Tag Archive for: Part D Choice

Let the Secret out by Expanding Older Adults Access to PACE

This article was originally posted on Kevin MD. Read the full article here.

PACE, the Program of All-Inclusive Care for the Elderly, has long been considered the best-kept secret in the American health care system. It’s time to unveil this hidden gem. The health and well-being of older Americans – and the future of our health care system itself – may hinge on it.

Originating nearly half a century ago with the On Lok program in San Francisco’s Chinatown, the PACE model has since expanded to encompass 155 independent, locally-based PACE organizations. These organizations serve over seventy thousand older Americans across urban and rural communities in thirty-two states and the District of Columbia.
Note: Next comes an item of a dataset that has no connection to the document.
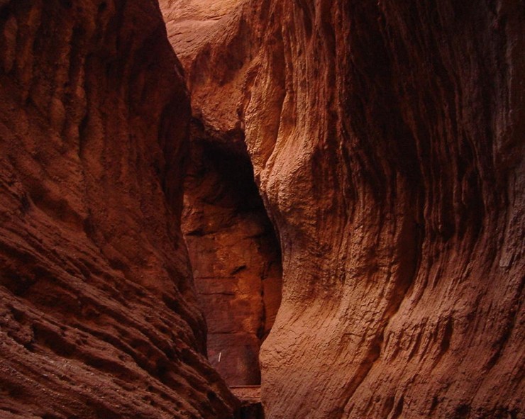 大峽谷近似呈南北弧形走向,開(kāi)口處稍彎向東南,末端微向東北彎曲,由主谷和七條支谷組成,全長(zhǎng)5000多米,谷端至谷口處自然落差200米以上,谷底最寬53米,最窄處0.4米,僅容一人低頭彎軀側(cè)身通過(guò)。谷側(cè)奇峰嶙峋,爭(zhēng)相崛起;峰巒疊嶂,劈地摩天,崖奇石峭,磅礴神奇;神洞秘窟,各蘊(yùn)其意。谷內(nèi)蜿蜒曲折,峰回路轉(zhuǎn);步步有景,舉目成趣;泉水叮咚,鳥(niǎo)叫蟬鳴,寒暑不浸,游人稱絕。整個(gè)峽谷猶如一條尾震天山頭,口飲庫(kù)河流(開(kāi)口于庫(kù)車河),曲身九十九的巨龍劈山而臥,呼風(fēng)喚雨,神秘莫測(cè)。更令人稱奇的是,距谷口1400米深處,高約35米的崖壁上,有一始建于盛唐時(shí)期,壁畫(huà)丹青的千佛洞遺址,就文字記載和繪畫(huà)藝術(shù)而言,在古西域地區(qū)至今已發(fā)現(xiàn)的300多座佛教石窟中絕無(wú)僅有,實(shí)屬罕見(jiàn)。無(wú)山不成谷,峰奇谷更幽。峽谷區(qū)域平均海拔1600米,最高山峰2048米。組成峽谷的奇峰群山由赭色的泥質(zhì)沙巖構(gòu)成,當(dāng)?shù)鼐S吾爾語(yǔ)叫做“克孜利亞”,即紅色的山崖。神秘大峽谷正處在當(dāng)今中國(guó)九大影視基地之一的克孜利亞勝景中。龐大的紅色山體群形成于距今1.4億年前的中生代的白堊紀(jì),經(jīng)億萬(wàn)年的風(fēng)剝雨蝕,洪流沖刷,形成縱橫交錯(cuò),層疊有序的垅脊與溝槽,遠(yuǎn)看如詩(shī)如畫(huà),狀若“布達(dá)拉宮”,仙天瓊閣;近瞧若人似物,如夢(mèng)似幻,惟妙惟肖,神韻萬(wàn)端。令人有鬼斧神工,奇景天成之慨嘆。尤以谷口處的三座山體(乃頭山、麗人山、佛面山)最為壯觀。特別在夕陽(yáng)斜射,朝霞映山,極目遠(yuǎn)眺,色艷紅天。大有不是火焰山,勝似火焰山之奇感。
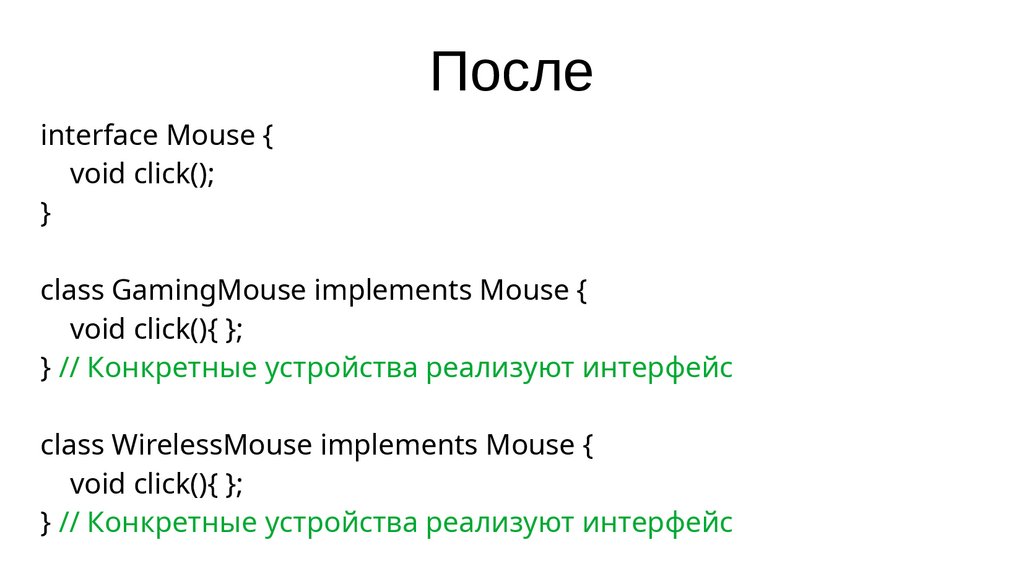 } // Реализация конкретной мышки

The growth of the PACE model has been methodical and deliberate, with a focus on maintaining its quality and integrity as new PACE providers enter the market. Multiple evaluations of the PACE model consistently demonstrate superior health, mood, functionality, survival rates, and utilization outcomes compared to alternative, unmanaged approaches. PACE not only benefits its patient population but also extends its advantages to families and caregivers.

However, as impressive and deliberate as the growth of PACE has been, the model currently serves only a fraction of the growing demographic in need. It is estimated that there are over ten million older Americans clinically eligible for PACE. To provide greater access to PACE, policy and statutory changes are required. The good news is that these changes are within reach.

I’ve been fortunate to work within the PACE model for over twenty-five years, assuming roles such as a front-line primary care provider, medical director, and national leader mentoring other PACE clinicians, and guiding the growth of the PACE model. For a geriatrician, PACE is akin to nirvana. I can’t envision practicing in any other setting.

There is often a misconception that geriatric medicine should care for all older adults. However, this task demands the mobilization and support of a primary care workforce consisting of family physicians, internists, and nurse practitioners, a workforce currently under significant pressure. Geriatric medicine is designed to serve a specific but costly segment of the older population – those with medical and social complexity who require long-term care services and support. In other words, geriatric medicine, much like PACE, serves older adults who need assistance with their daily activities.

Older Americans overwhelmingly express a preference for having their long-term care needs met in their homes and communities rather than in institutional settings. Nonetheless, our health care system is designed to cater to the system’s needs rather than those of complex, disabled older patients. How else can we explain the fragmentation, the reliance on technology and high-cost utilization, and the expectation that family members shuttle their loved ones from one brief office-based appointment to another?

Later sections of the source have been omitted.